* **TASK DESCRIPTION**:
Could you restate word for word only the lines below from the one holding "拉什福德欧冠赛场送助攻,B费与其互动" to the one holding "(6.2절 연습문제 4번)A의", inclusive, and leave out the pictures?

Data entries
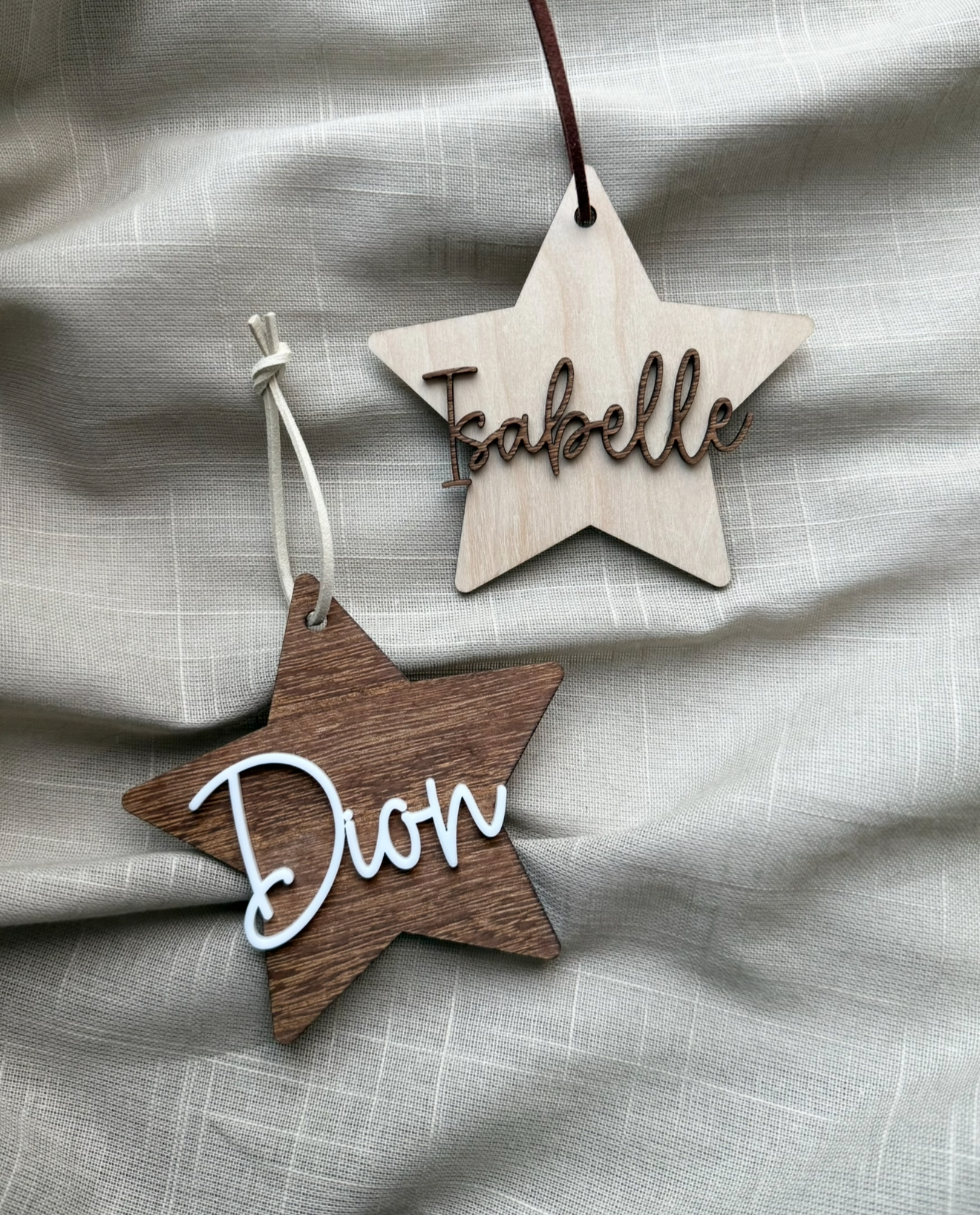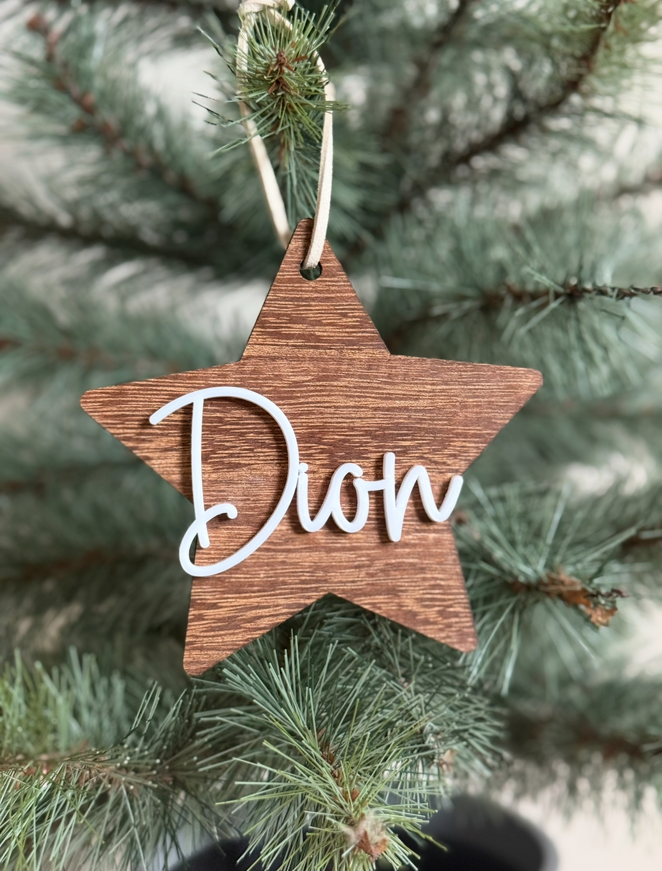 Dekorativt hänge i form av en stjärna med valfri text⭐️
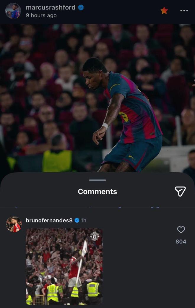拉什福德欧冠赛场送助攻,B费与其互动
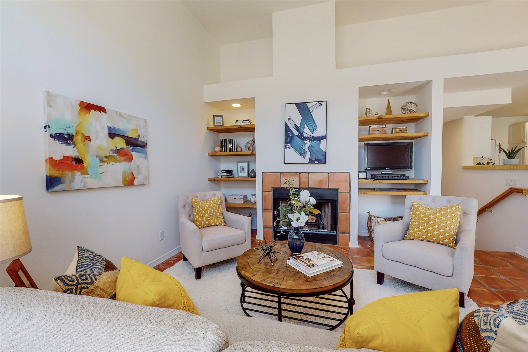 This beautiful condo in the El Matador Gated Complex is in the sought-after newer section with 2 beds, 2 full baths, a front-facing balcony off the bedroom on 2nd floor, and a lovely back courtyard that looks out to vacant land, wonderful for entertaining. Large windows and multiple sliding doors allow for ample natural light, and a gas fireplace in the living room creates a cozy, welcoming living space. Easy access to the culture and attractions of downtown, less than a mile from the Plaza. Includes designated covered parking and the grounds are well-maintained with mature landscaping. This condo is move-in ready. Schedule a showing today!
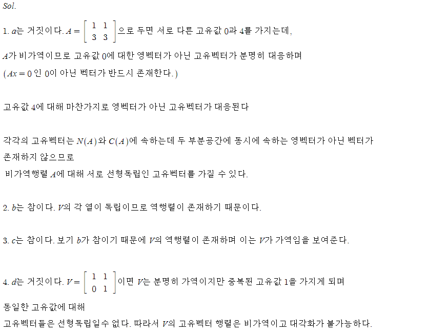 (6.2절 연습문제 4번)A의 고유벡터 행렬 V의 열들이 선형독립일때 참/거짓을 판단하라.
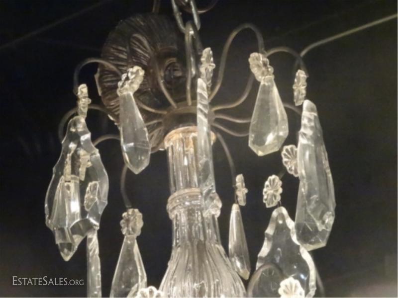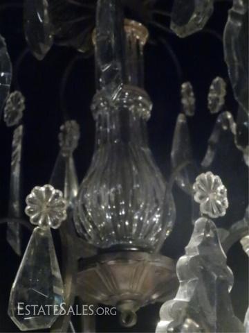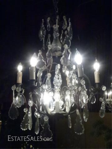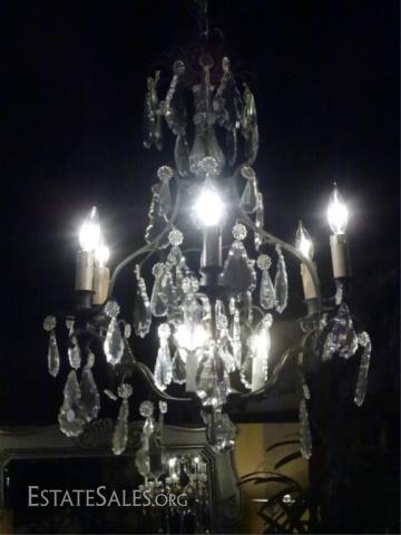 LOT 94B: 9 LIGHT CRYSTAL CHANDELIER, BLACK FINISH METAL ARMS WITH CRYSTAL BASE AND DROPS, VERY GOOD VINTAGE CONDITION WITH MINOR WEAR, 31"H X 18"W, SKU127
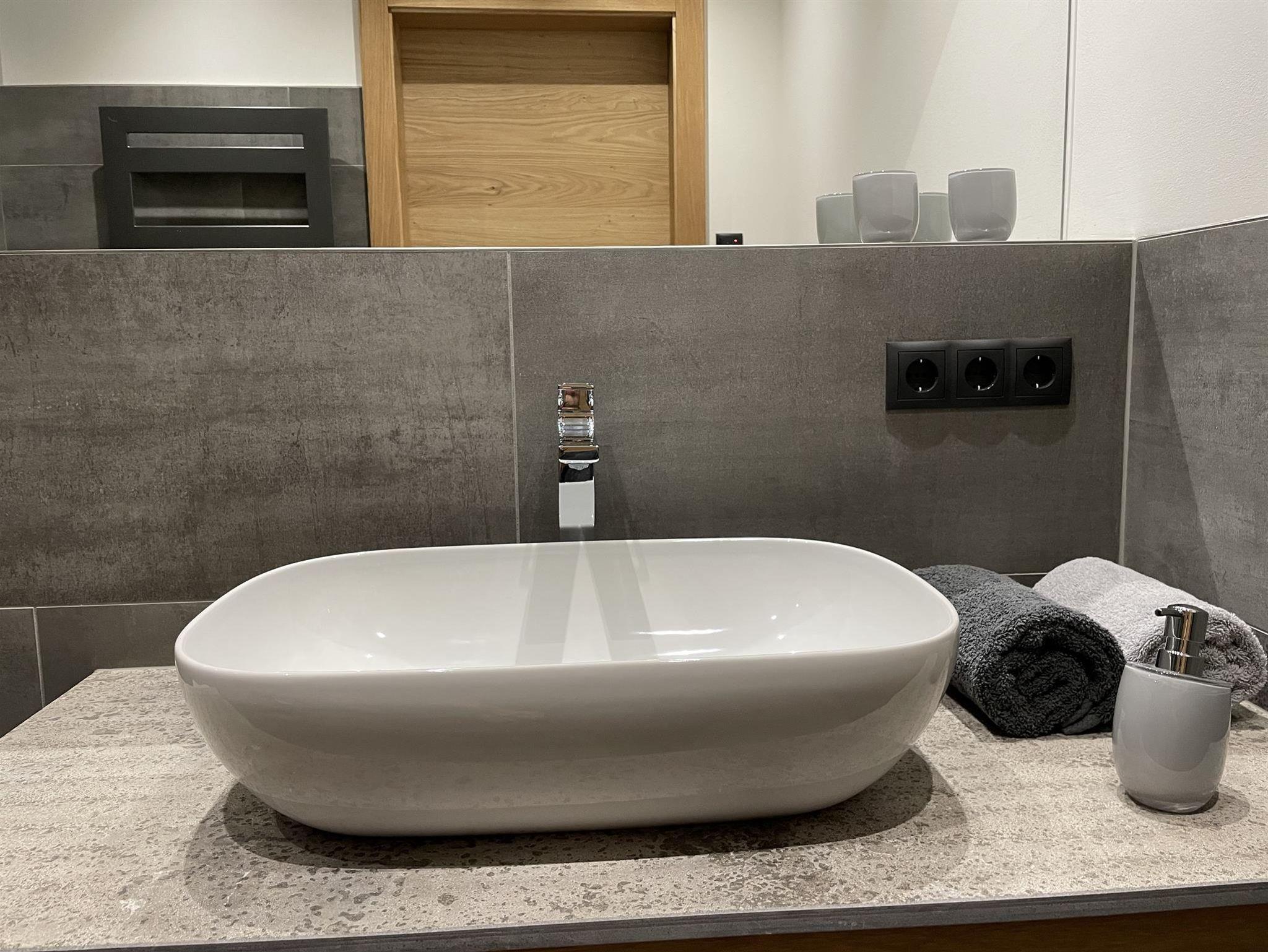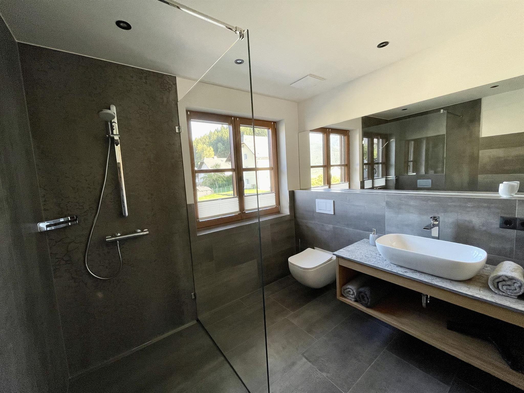 -Badezimmer: Dusche, WC, Handtuchtrockner, Föhn, Handtücher
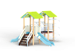 Детский игровой комплекс состоит из двух башен. На одной из башен установлена лестница, две горки и крыша, на другой башне установлены турник, шест спираль, шведская стенка, ручки вспомогательные и ограждение из бруса с перекладинами Башни соединены между собой канатным мостом.
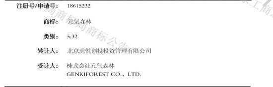 值得注意的是,32类的“元気森林”商标最初由北京虎悦创投投资管理有限公司申请,申请日期为2015年12月16日,此后该商标转让给株式会社元气森林。
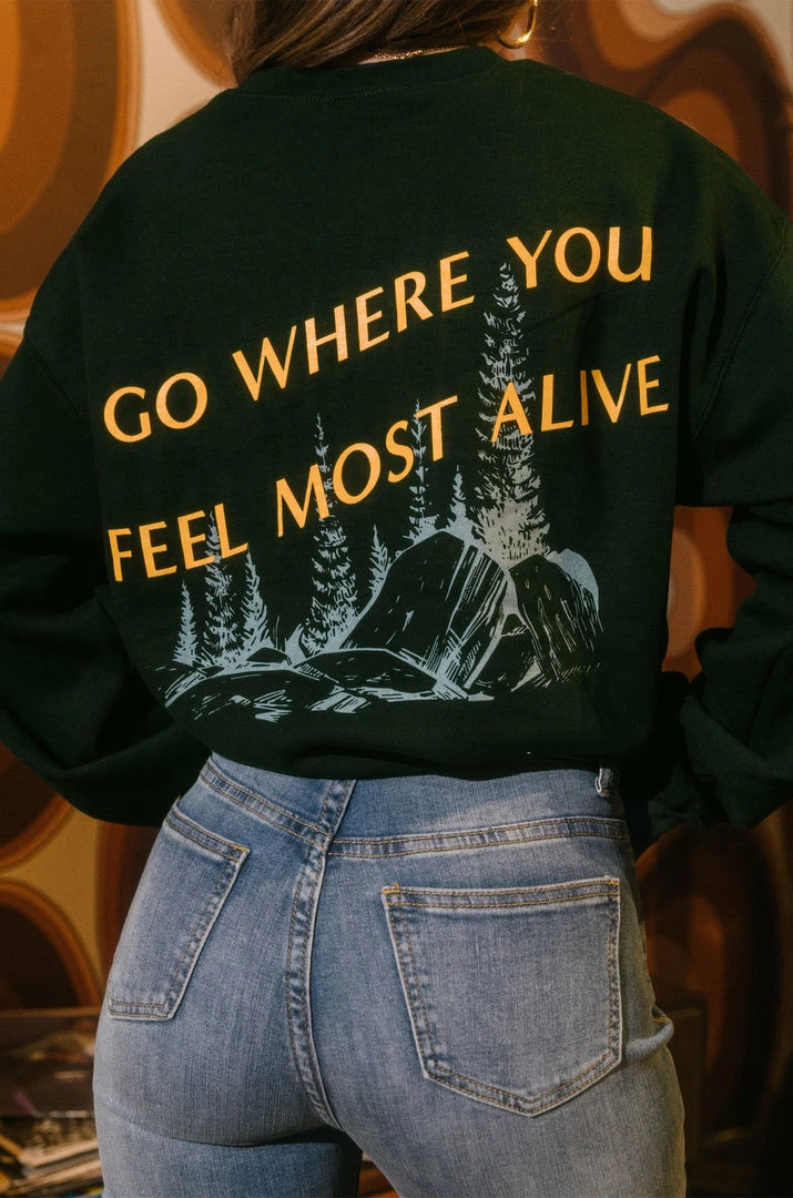 - Back GO WHERE YOU FEEL MOST ALIVE Screen Print on Center Back
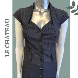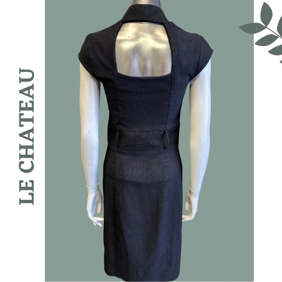 Le Chateau Black White Pinstripe Button Front Dress Cap Sleeve Open Back Size XS
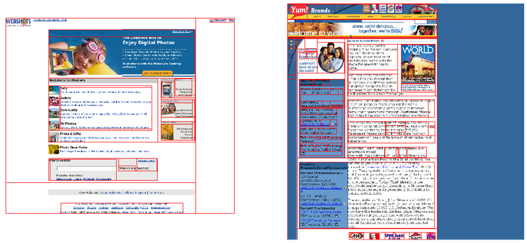 Par exemple, en 2005, les sites Webshots.com et Yum.com étaient considérés comme relativement similaires, mais présentaient des schémas de couleurs et des mises en page très différents. Alors que les deux sites utilisent principalement du blanc, du bleu et du noir, le site de droite a un fond bleu.
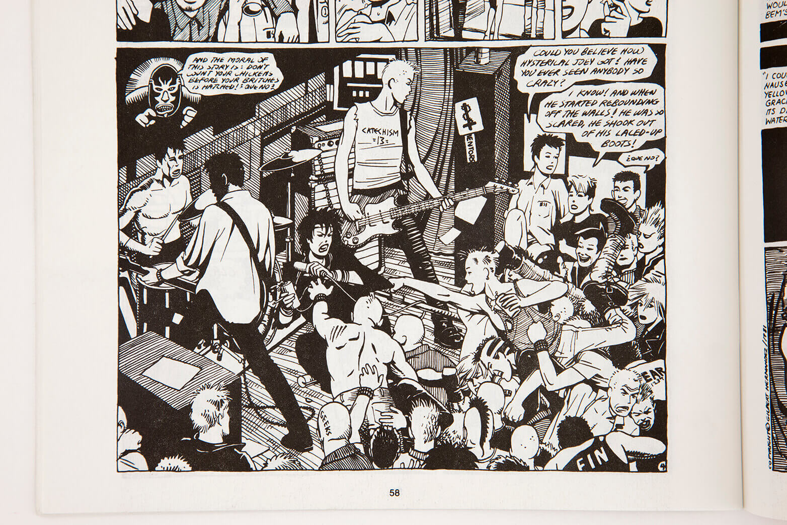 Comic books, zines, posters and photographs from the Les Coleman Collection, Her Noise Archive and London Musicians’ Collective highlight the permeable relationship between art, music and politics, with photographs from Colin Jones and Dick Scott-Stewart offering context through their observations of music and youth culture.

* **OUTPUT OF THE EXERCISE**:
拉什福德欧冠赛场送助攻,B费与其互动
 This beautiful condo in the El Matador Gated Complex is in the sought-after newer section with 2 beds, 2 full baths, a front-facing balcony off the bedroom on 2nd floor, and a lovely back courtyard that looks out to vacant land, wonderful for entertaining. Large windows and multiple sliding doors allow for ample natural light, and a gas fireplace in the living room creates a cozy, welcoming living space. Easy access to the culture and attractions of downtown, less than a mile from the Plaza. Includes designated covered parking and the grounds are well-maintained with mature landscaping. This condo is move-in ready. Schedule a showing today!
 (6.2절 연습문제 4번)A의 고유벡터 행렬 V의 열들이 선형독립일때 참/거짓을 판단하라.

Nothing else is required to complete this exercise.